Конан натянул поводья. Девчонка была сложена не хуже гурий, что населяют рай приверженцев Эрлика. Конан мигом оценил ее красоту, поскольку простое платьице девушки было изорвано в клочья и мало что прикрывало. Вот она отбросила с лица спутанные пряди иссиня-черных волос и с ужасом оглянулась на захлопнувшуюся дверь. Потом огромные глаза обратились на Конана, неподвижно сидевшего на коне. Испуганным жестом девушка прижала ладони ко рту…
— Что стряслось, малышка? — грубовато спросил киммериец, наклоняясь с седла. — Никак любовник поколотил?
Гибким движением девушка поднялась на ноги.
— Там… два пьяных солдата… хотели меня… обесчестить… Я пришла купить вина для отца, а они и деньги у меня отняли…

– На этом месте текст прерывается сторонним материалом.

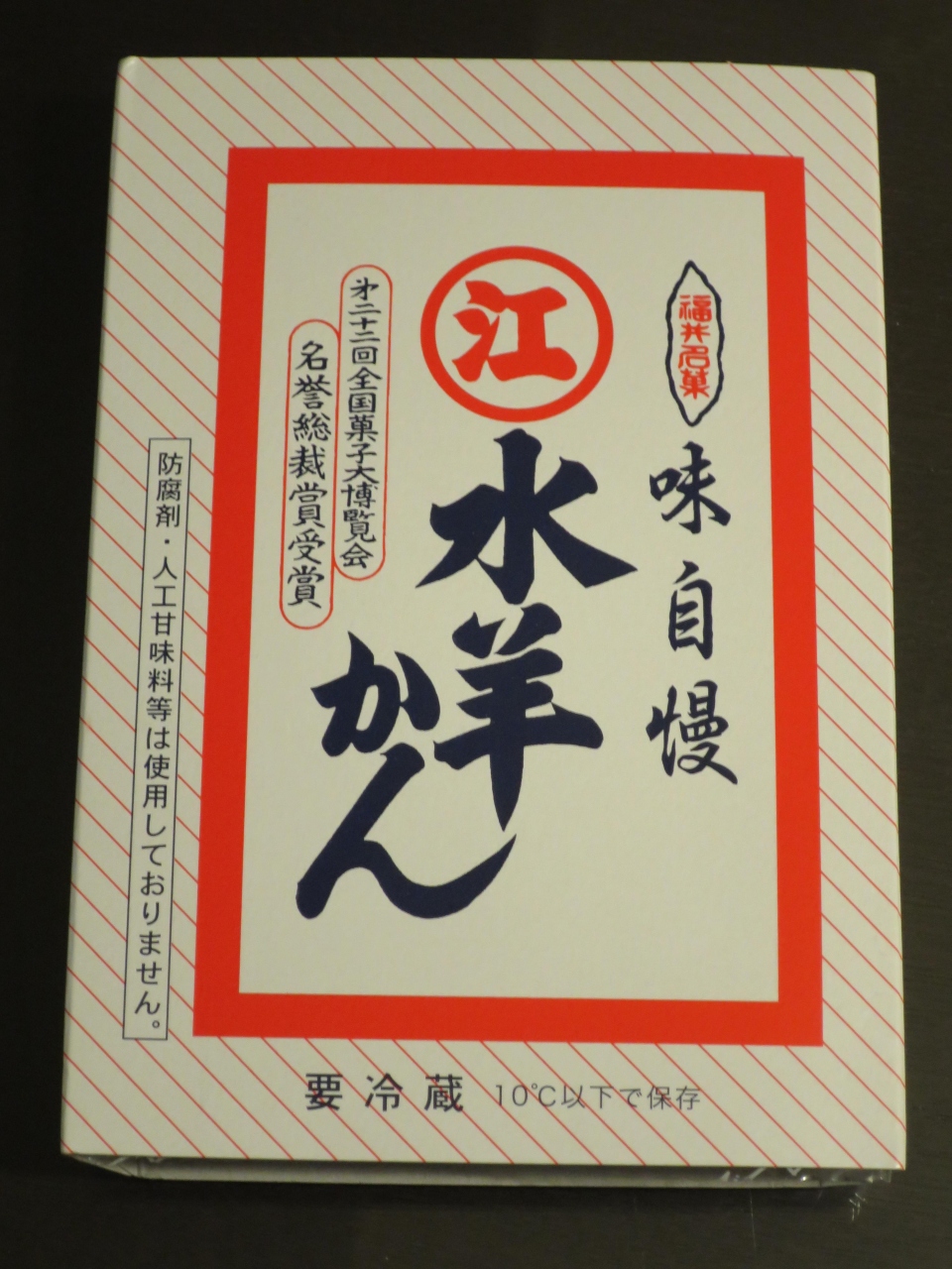 銀座一丁目にある食の國 福井館に行って来ました(福井館は青山にもあります)。店に入ると店員が水羊羹の販促をしていました。一般に水羊羹と言うと夏の食べ物と言う印象がありますが、福井では冬の名物だそうで、行った日が2/28だったので、食べ納めと言うことで販促していたようです。言うがままま水羊羹を買って家でたべましたが、冬に食べるのもまた美味しいです。

— Так, — сказал Конан, соскакивая с седла, и его глаза угрюмо сверкнули. У варвара были свои понятия о чести. В частности, он не выносил мужчин, способных применить к женщине силу. — Вот что, девочка, — продолжал он. — Я думаю, не помешало бы разок-другой дернуть их за бороды. Иди вперед, откроешь мне дверь. Там никого больше нет, кроме них?
Она кивнула, подарив ему взгляд, полный ужаса и надежды, и пошла с ним обратно к таверне. Чуть помедлила в нерешительности и распахнула дверь. Два широких шага — и Конан оказался внутри. И услышал, как щелкнул дверной замок у него за спиной.
А перед ним… ничего похожего на то, что он ожидал. Никаких пьяных солдат, которых он легко вразумил бы одним кулаком. Прижавшись к стенам, перед ним стояло семеро вооруженных людей, и в руках у них поблескивали наготове мечи и кинжалы. Не теряя даром ни мгновения, они кинулись к Конану. В их глазах горела яростная решимость: убить!